It is true that few people use pure Euclidean geometry after high
school---almost all the applications use analytical geometry, which is
a combination of algebra, geometry, and trigonometry. Even the
example above is done numerically, not by straightedge-and-compass
construction.
I believe that the reason Euclidean geometry is still taught is
that it provides a good basis for explaining the concept of
mathematical proof. The proofs are less abstract and easier to
understand than proofs in other bransches of math, so provide a
relatively easy introduction. Also, a firm understanding of Euclidean
geometry probably makes trigonometry and analytical geometry easier to
learn.
------------------------------------------------------------
Kevin Karplus kar...@soe.ucsc.edu http://www.soe.ucsc.edu/~karplus
Professor of Biomolecular Engineering, University of California, Santa Cruz
Undergraduate and Graduate Director, Bioinformatics
Senior member, IEEE Board of Directors, ISCB (starting Jan 2005)

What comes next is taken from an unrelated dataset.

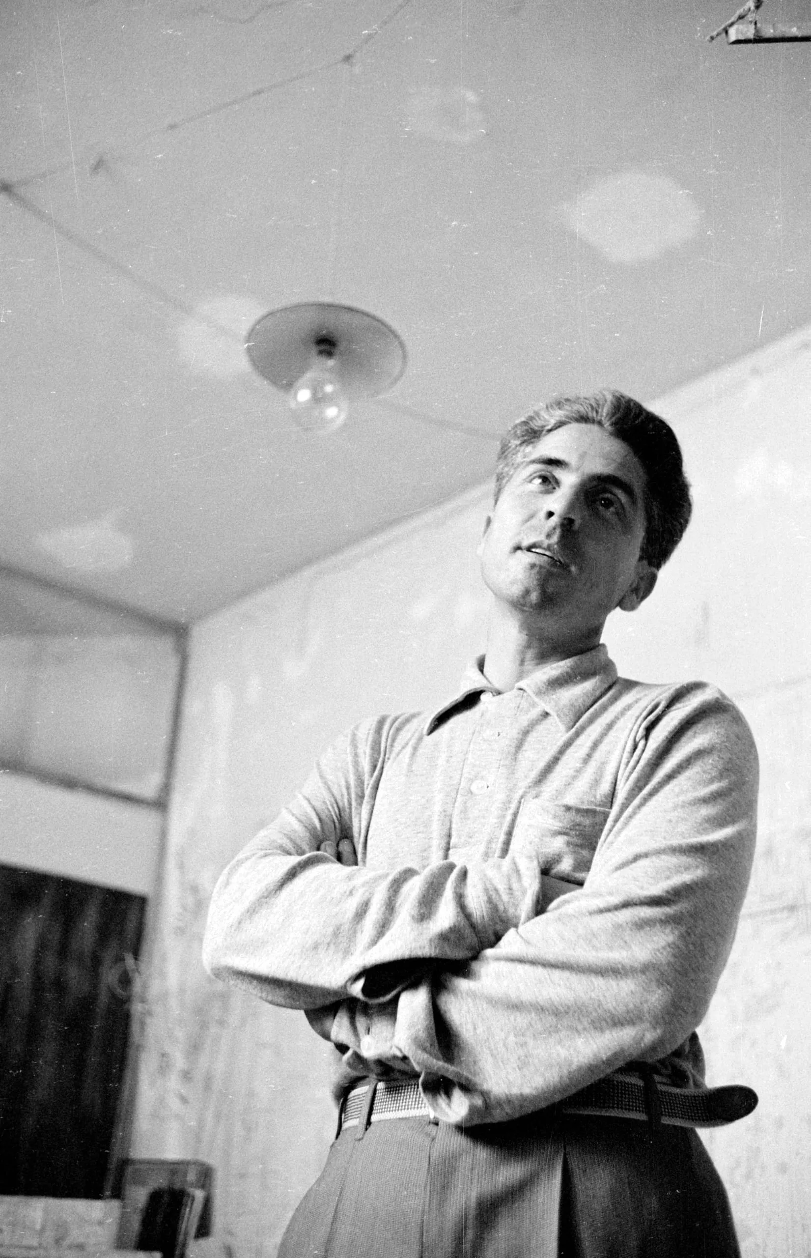 Black and white photograph, young man with arms crossed looking upward, shot from a low angle in a spare interior with a bare hanging light bulb

life member (LAB, Adventure Cycling, American Youth Hostels)
Effective Cycling Instructor #218-ck (lapsed)
Affiliations for identification only.
Maurici Carbó
Are you asking about geometry? Who uses geometry?
We, the architects, use the geometry!
Carpenters, uses geometry!
Painters, use geometry!
Shutterers use geometry!
Any relation about 2D and 3D reality, needs the geometry!
If you make plans, maps or diagrams, you use geometry.
If you don't study geometry, later, you cannot understand the
Descriptive Geometry.
If you want to be a painter, you must understand Geometry. You must
know about perspective.
For to draw perspectives, you must know about the section of
cylinders, and cones.
Perspective is a knowledge obtained in the XV siecle. Is maybe too
early to forget this.
Perspective, needs a deep knowledge of a complex geometry, far from
the basic and simple 2D geometry that everybody usually learn in the
elementary school.
And many math problems, can be afforded with geometry.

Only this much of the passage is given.